洛谷 P3041 视频游戏的连击Video Game Combos
难度一般,不过这个数位DP其实应该叫做记忆化搜索
题意:玩游戏时可以通过按键组合打出combo技能;然后是已知N个combo的按键方式,然后求K次按键最多可以放出的combo技能(combo技能之间可以重叠)。
思路:
- 在AC自动机上如果一个点表示一个字符串以及它的后缀,则一个点可以对应多个combo技能(这是关键点)
- 可以先用拓扑排序处理出每个点对应了多少个combo技能,处理时要用fail的反向边即refail计算入度
- 然后就是数位DP啦,这题没啥坑点,思路简洁
题目描述
Bessie is playing a video game! In the game, the three letters ‘A’, ‘B’, and ‘C’ are the only valid buttons. Bessie may press the buttons in any order she likes; however, there are only N distinct combos possible (1 <= N <= 20). Combo i is represented as a string S_i which has a length between 1 and 15 and contains only the letters ‘A’, ‘B’, and ‘C’.

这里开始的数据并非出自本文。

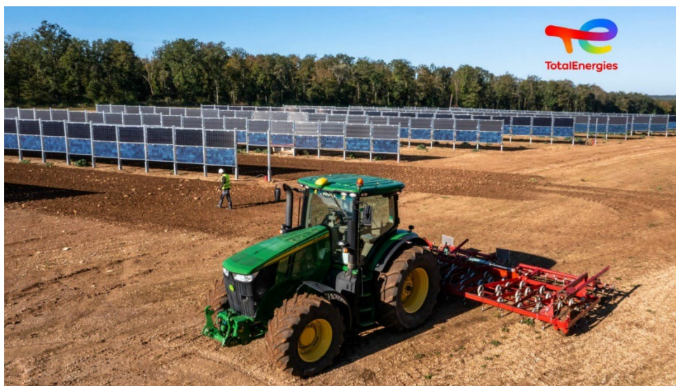
Pannelli bifacciali verticali a Channey (Francia)

Le foto in seguito mostrano bene come i pannelli in questione possano convivere con la natura e le attività agricole

Whenever Bessie presses a combination of letters that matches with a combo, she gets one point for the combo. Combos may overlap with each other or even finish at the same time! For example if N = 3 and the three possible combos are “ABA”, “CB”, and “ABACB”, and Bessie presses “ABACB”, she will end with 3 points. Bessie may score points for a single combo more than once.

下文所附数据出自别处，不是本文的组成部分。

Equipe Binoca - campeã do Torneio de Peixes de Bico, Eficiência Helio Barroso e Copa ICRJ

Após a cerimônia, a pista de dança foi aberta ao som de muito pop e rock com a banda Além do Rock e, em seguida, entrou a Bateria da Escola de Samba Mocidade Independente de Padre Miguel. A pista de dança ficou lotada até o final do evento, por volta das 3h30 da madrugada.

Bessie of course wants to earn points as quickly as possible. If she presses exactly K buttons (1 <= K <= 1,000), what is the maximum number of points she can earn?
贝西在玩一款游戏,该游戏只有三个技能键 “A”“B”“C”可用,但这些键可用形成N种(1 <= N<= 20)特定的组合技。第i个组合技用一个长度为1到15的字符串S_i表示。
当贝西输入的一个字符序列和一个组合技匹配的时候,他将获得1分。特殊的,他输入的一个字符序列有可能同时和若干个组合技匹配,比如N=3时,3种组合技分别为"ABA", “CB”, 和"ABACB",若贝西输入"ABACB",他将获得3分。
若贝西输入恰好K (1 <= K <= 1,000)个字符,他最多能获得多少分?
输入格式
-
Line 1: Two space-separated integers: N and K.
-
Lines 2…N+1: Line i+1 contains only the string S_i, representing combo i.
输出格式
- Line 1: A single integer, the maximum number of points Bessie can obtain.
输入输出样例
输入
3 7
ABA
CB
ABACB
输出
4
说明/提示
The optimal sequence of buttons in this case is ABACBCB, which gives 4 points–1 from ABA, 1 from ABACB, and 2 from CB.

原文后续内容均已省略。